## HOW TO COMPLETE THIS TASK
Within the entries below, output exactly the lines between the line containing "Защитное стекло на" and the line containing "大阪医療センター脳神経内科 科長・岡﨑周", inclusive, and omit any picture.

[[ INPUT MATERIAL, beginning ]]

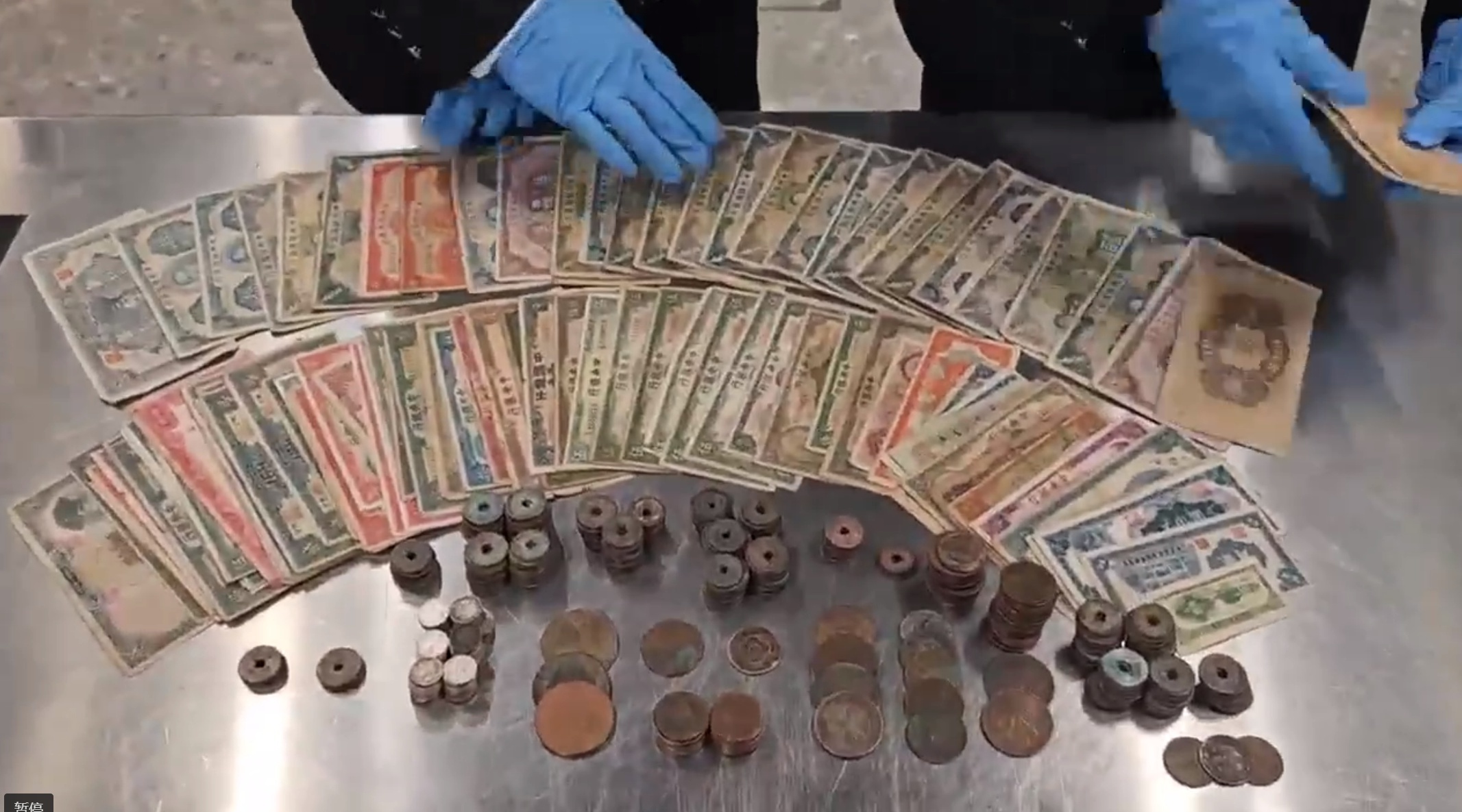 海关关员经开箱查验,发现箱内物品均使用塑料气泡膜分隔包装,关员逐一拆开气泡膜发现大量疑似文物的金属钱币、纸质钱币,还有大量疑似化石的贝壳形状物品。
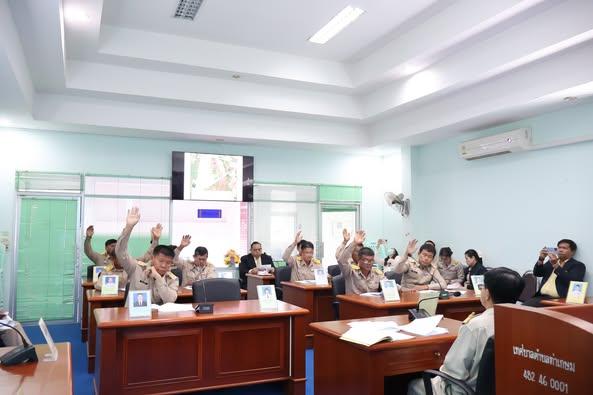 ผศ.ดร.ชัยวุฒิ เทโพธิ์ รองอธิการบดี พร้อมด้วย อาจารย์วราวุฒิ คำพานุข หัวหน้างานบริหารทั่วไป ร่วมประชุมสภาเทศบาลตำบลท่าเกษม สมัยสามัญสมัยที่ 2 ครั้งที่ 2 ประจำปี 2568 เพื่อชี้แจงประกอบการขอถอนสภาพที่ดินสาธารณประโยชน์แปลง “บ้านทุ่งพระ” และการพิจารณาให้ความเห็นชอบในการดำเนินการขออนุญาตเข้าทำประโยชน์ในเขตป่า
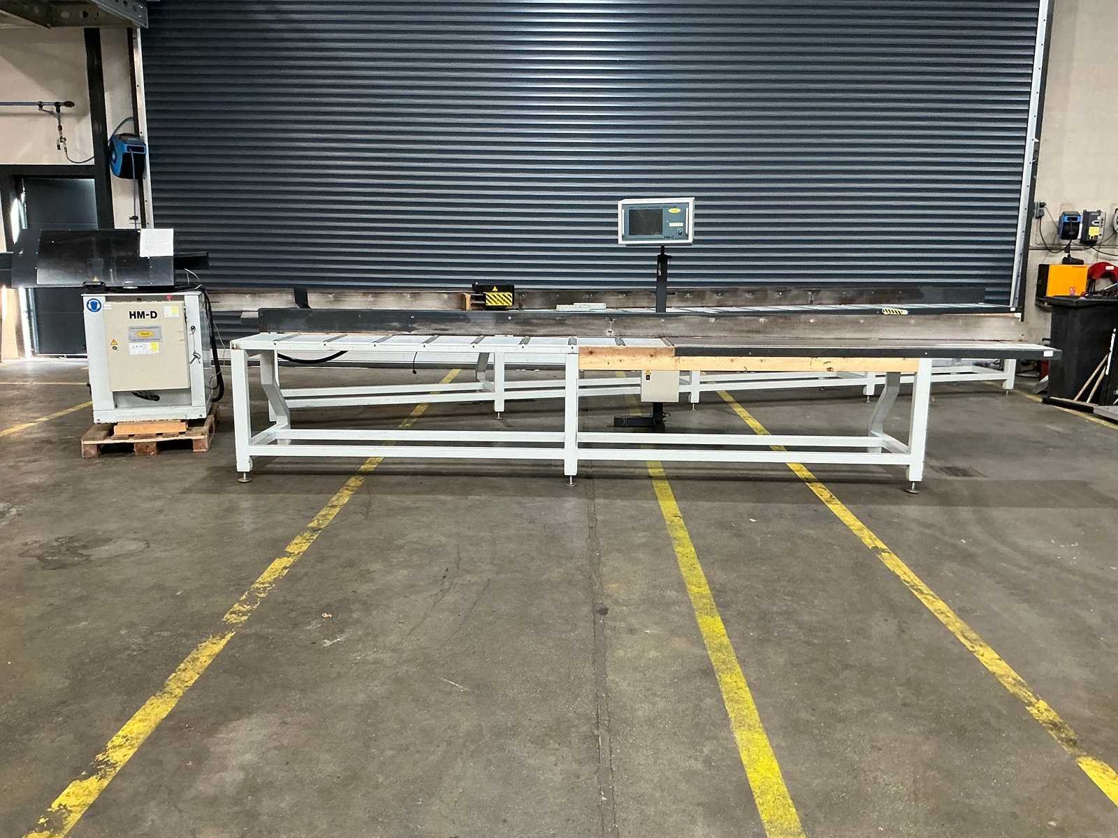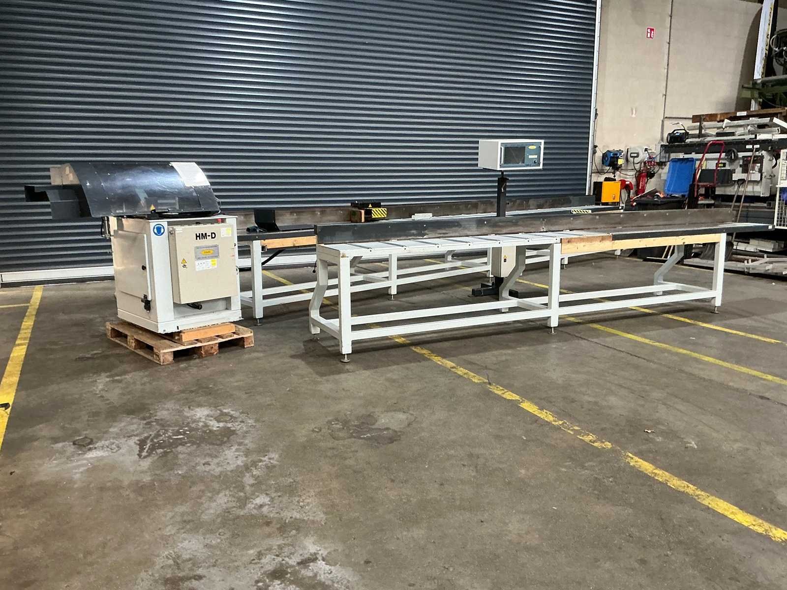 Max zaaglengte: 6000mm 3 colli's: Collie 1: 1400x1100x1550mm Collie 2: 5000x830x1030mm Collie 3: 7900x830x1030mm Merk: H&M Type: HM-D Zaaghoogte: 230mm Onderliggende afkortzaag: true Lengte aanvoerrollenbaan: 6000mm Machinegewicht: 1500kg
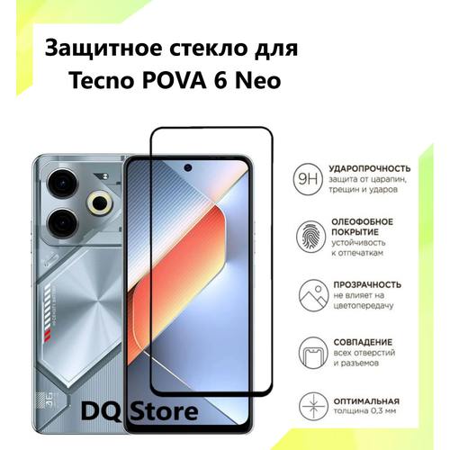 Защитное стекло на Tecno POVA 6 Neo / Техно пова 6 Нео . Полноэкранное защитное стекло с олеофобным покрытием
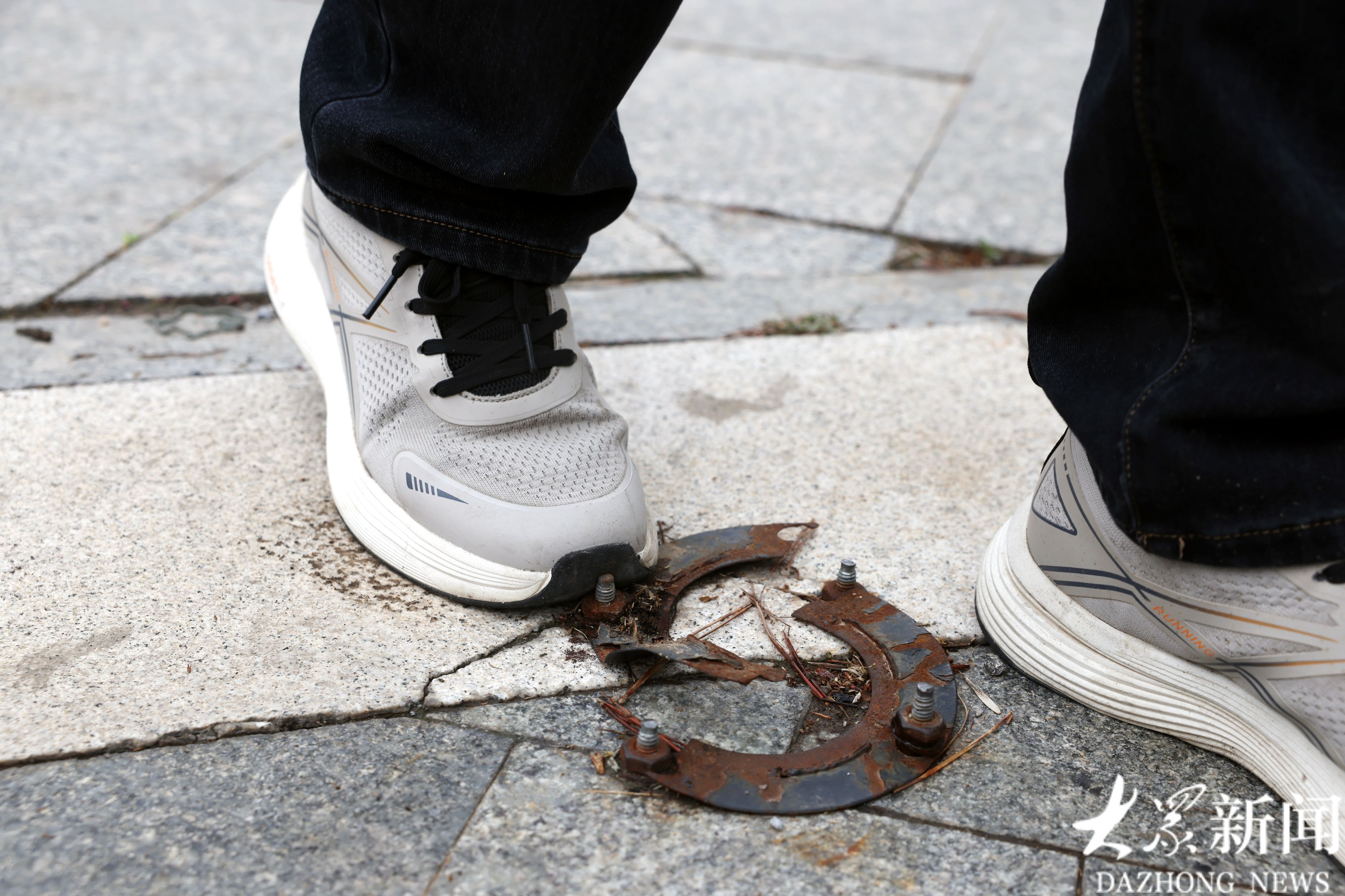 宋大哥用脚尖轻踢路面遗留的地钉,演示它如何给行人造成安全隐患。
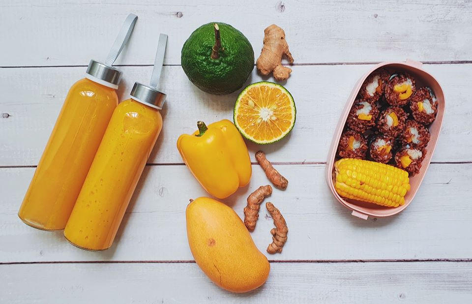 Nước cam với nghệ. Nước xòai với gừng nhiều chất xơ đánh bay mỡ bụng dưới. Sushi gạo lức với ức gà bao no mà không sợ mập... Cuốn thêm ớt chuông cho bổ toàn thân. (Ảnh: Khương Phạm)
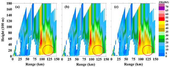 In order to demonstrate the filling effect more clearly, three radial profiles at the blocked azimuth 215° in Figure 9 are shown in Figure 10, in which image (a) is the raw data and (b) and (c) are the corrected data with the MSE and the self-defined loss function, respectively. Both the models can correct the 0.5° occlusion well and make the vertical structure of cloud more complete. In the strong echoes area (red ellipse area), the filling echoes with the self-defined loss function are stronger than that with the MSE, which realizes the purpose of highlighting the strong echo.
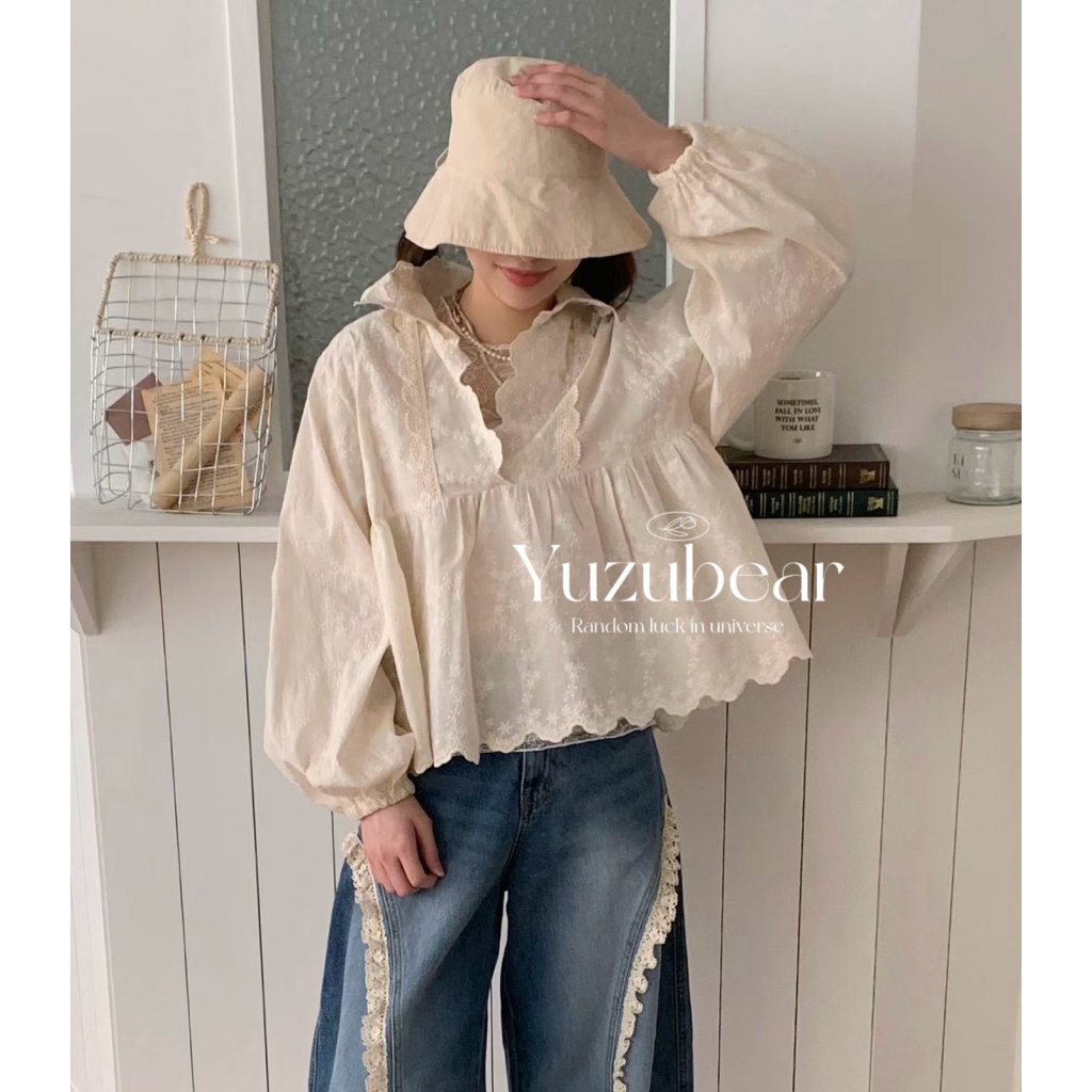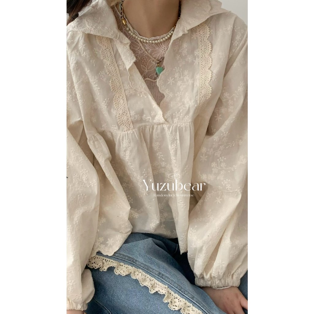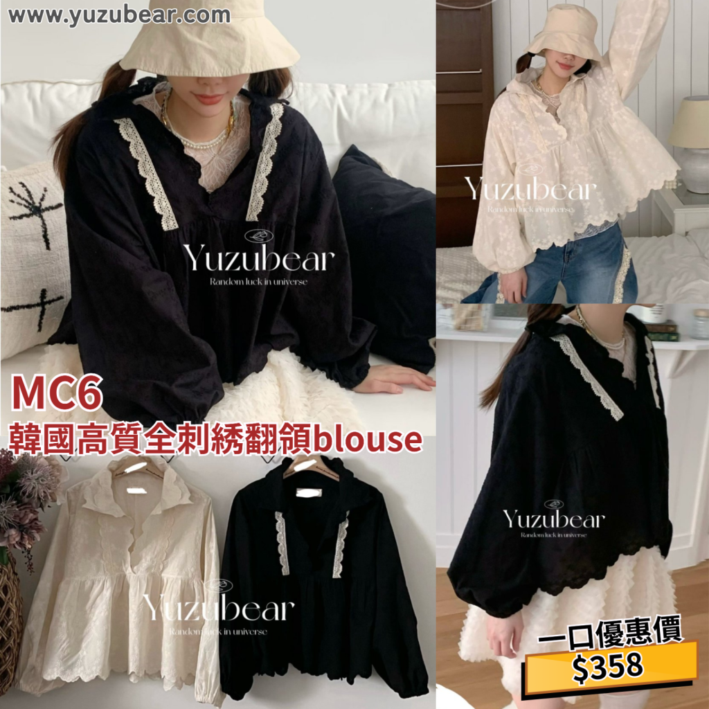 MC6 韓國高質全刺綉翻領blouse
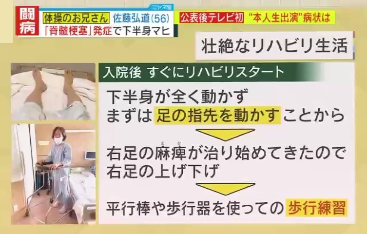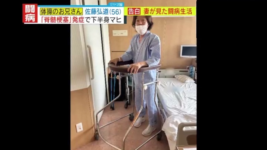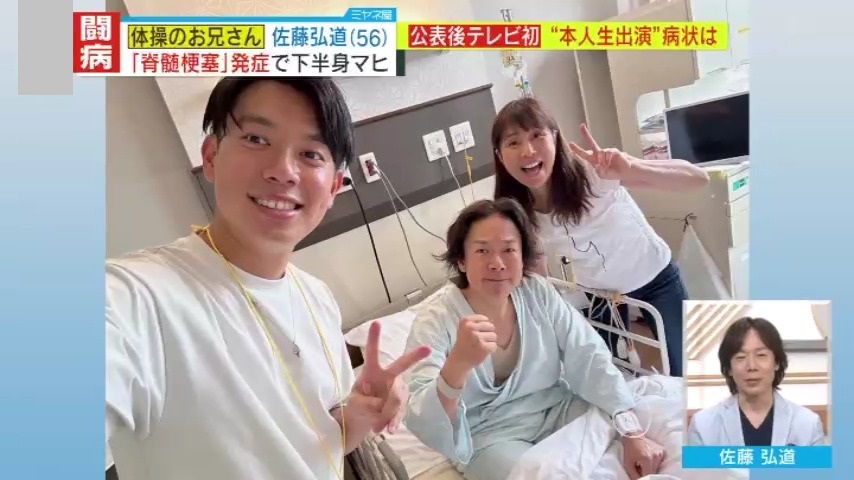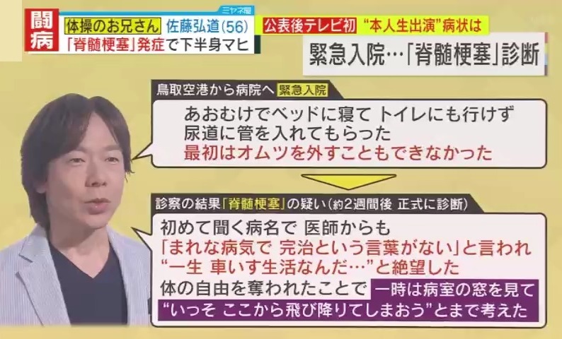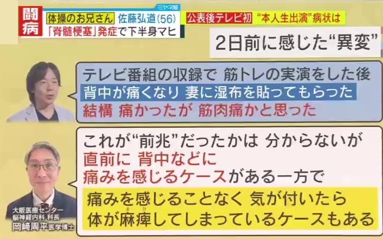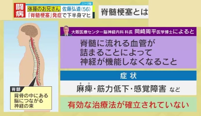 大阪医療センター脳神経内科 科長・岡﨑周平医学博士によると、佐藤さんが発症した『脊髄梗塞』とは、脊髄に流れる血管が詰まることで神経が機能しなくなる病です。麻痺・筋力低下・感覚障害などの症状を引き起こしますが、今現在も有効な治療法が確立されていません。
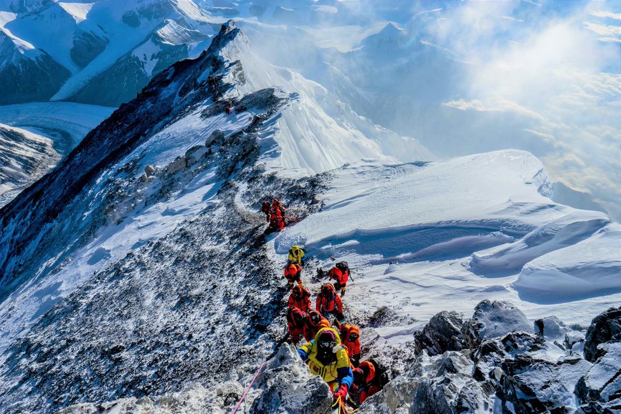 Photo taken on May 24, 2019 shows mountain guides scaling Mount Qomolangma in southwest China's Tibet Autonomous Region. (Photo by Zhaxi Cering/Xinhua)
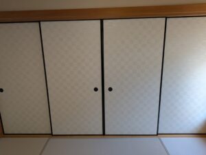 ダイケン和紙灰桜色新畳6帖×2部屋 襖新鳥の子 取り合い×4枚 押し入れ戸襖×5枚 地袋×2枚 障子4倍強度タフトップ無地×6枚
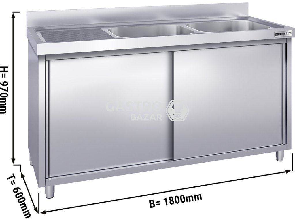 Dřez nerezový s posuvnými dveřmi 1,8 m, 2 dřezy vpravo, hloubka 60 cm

[[ INPUT MATERIAL, end ]]

## FINISHED EXERCISE
 Защитное стекло на Tecno POVA 6 Neo / Техно пова 6 Нео . Полноэкранное защитное стекло с олеофобным покрытием
 宋大哥用脚尖轻踢路面遗留的地钉,演示它如何给行人造成安全隐患。
 Nước cam với nghệ. Nước xòai với gừng nhiều chất xơ đánh bay mỡ bụng dưới. Sushi gạo lức với ức gà bao no mà không sợ mập... Cuốn thêm ớt chuông cho bổ toàn thân. (Ảnh: Khương Phạm)
 In order to demonstrate the filling effect more clearly, three radial profiles at the blocked azimuth 215° in Figure 9 are shown in Figure 10, in which image (a) is the raw data and (b) and (c) are the corrected data with the MSE and the self-defined loss function, respectively. Both the models can correct the 0.5° occlusion well and make the vertical structure of cloud more complete. In the strong echoes area (red ellipse area), the filling echoes with the self-defined loss function are stronger than that with the MSE, which realizes the purpose of highlighting the strong echo.
 MC6 韓國高質全刺綉翻領blouse
 大阪医療センター脳神経内科 科長・岡﨑周平医学博士によると、佐藤さんが発症した『脊髄梗塞』とは、脊髄に流れる血管が詰まることで神経が機能しなくなる病です。麻痺・筋力低下・感覚障害などの症状を引き起こしますが、今現在も有効な治療法が確立されていません。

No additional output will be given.